Enrojecido, con los ojos bajos, el niño fue atraído al círculo de las transformistas y despojado de sus ropas. Durante unos instantes se cruzaron nuestras miradas. Yo, atrincherado en mi vieja mecedora, contemplé su rostro arrebolado sin saber qué hacer para sacarlo de su vergüenza. No volvió a mirarme. Resignado y obediente, se sometió al juego de las mujeres: Unas faldas de amplios vuelos floreados se ciñeron a sus escuálidas caderas. Sobre una blusa, un corpiño negro bordado con canutillos de vidrio y resplandecientes lentejuelas, fue entrelazado con cordones a su espalda. Entre risas y bromas anudaron a su cintura un delantal de ampulosas puntillas amarilleadas por el tiempo y un gran pañuelo de raso ocultó el encanto de sus cabellos rizados. Mi prima Lola pintó sus labios de carmín encendido y puso más color en sus mejillas y la tía Dorotea cubrió sus hombros con un chillón mantoncillo de largos flecos rojos. Pusieron un abanico en su mano derecha, un cestillo de flores de trapo polvorientas colgado del brazo izquierdo y todas contemplaron y celebraron su obra haciéndole dar varias vueltas por la estancia. Convertido en un triste fantoche de colorines, yo pensaba que era mucho más lindo con su cara limpia y sus ropas de domingo. Creo que se avergonzaba por mí y por los otros chiquillos que se burlaban como queriendo estar a la altura de las crueles risas de las mujeres. Yo sabía que en el fondo de sus ojos las lágrimas pugnaban por romper la fingida sonrisa.

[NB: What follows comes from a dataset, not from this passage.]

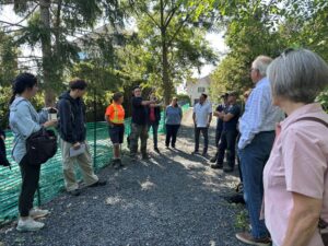 Le 22 juillet, la professeure Tanya Handa a invité ses étudiants du programme de formation en foresterie urbaine de l’UQAM à visiter le futur micro-arborétum de la halte du rang des Vingt à Saint-Basile-le-Grand. Le programme Ufor vise à augmenter l’offre de leaders professionnels bien qualifiés, capables de gérer la foresterie urbaine dans de nouveaux écosystèmes urbains façonnés par des conditions socioculturelles et économiques complexes. Photo : T. Handa

Se resistió débilmente cuando quisieron llevarlo en pasacalle para que fuera visto por todos los vecinos. Al fin lograron arrastrarlo y un grupo alegre y bullanguero se formó en torno suyo para ir de casa en casa jugando, como en los buenos tiempos del carnaval perdido, a las adivinanzas. Todas las mujeres estaban de acuerdo: Era una lástima que no hubiera nacido niña. Los hombres callaban.

Acabada la diversión, de regreso al calor confortable del cuarto, las alegres mujeres volvieron a sus conversaciones circulares, de terminar y volver a empezar, con un parloteo interminable, inútil como sus vidas. Silenciosamente, el pequeño Eduardo salió de la sala, aún con sus ropas de niña y sus coloretes. Cuando advertí la ausencia de mi primo fui en su busca, quería consolarle de algún modo, jugar con él para que olvidara las vergonzosas escenas. Lo encontré en el oscuro dormitorio de la abuela. Se había despojado de los vestidos y contemplaba la blancura de marfil de su cuerpo en el gran espejo del armario ropero.

Yo lo miraba con un cierto temblor en las rodillas, como quien descubre un tesoro prohibido, hasta que él pareció adivinar mi presencia. Volvió el rostro hacia mí. Quise hablarle pero una sola palabra que brotó de sus labios mojados por las lágrimas, detuvo mi gesto cariñoso.

  • ¡Vete!

Mi voz quedó ahogada en la garganta por el odio, la angustia, la tristeza que aquella sola palabra expresaba.

Regresé al cuarto de las comadres.

De nuevo en la mecedora, me entretuve contando las flores bordadas en las cortinas de mallas que colgaban a ambos lados de la ventana.

Súbitamente, un largo gemido, como de un gran animal herido, heló en el aire las palabras risueñas. Con caída de sillas, el terror en los ojos, empujándose unas a otras, las mujeres corrieron al dormitorio de la abuela. Yo, escurriéndome entre las piernas, había llegado el primero.

En la penumbra, como una rosa blanca que empezara a enrojecer, el cuerpo desnudo del pequeño Eduardo yacía sobre el suelo junto a unas tijeras. Mi tía, repentinamente humanizada, se precipitó sobre el niño y lo levantó hasta su regazo. Atronaban la casa los gritos de las mujeres.

La sangre resbalaba por los muslos como la salvia por el tallo de una flor cortada. Eduardo volvía el rostro más pálido que nunca hacia la cara trémula de su madre. En la mano convulsa apretaba aún el pequeño fruto cercenado de su vientre.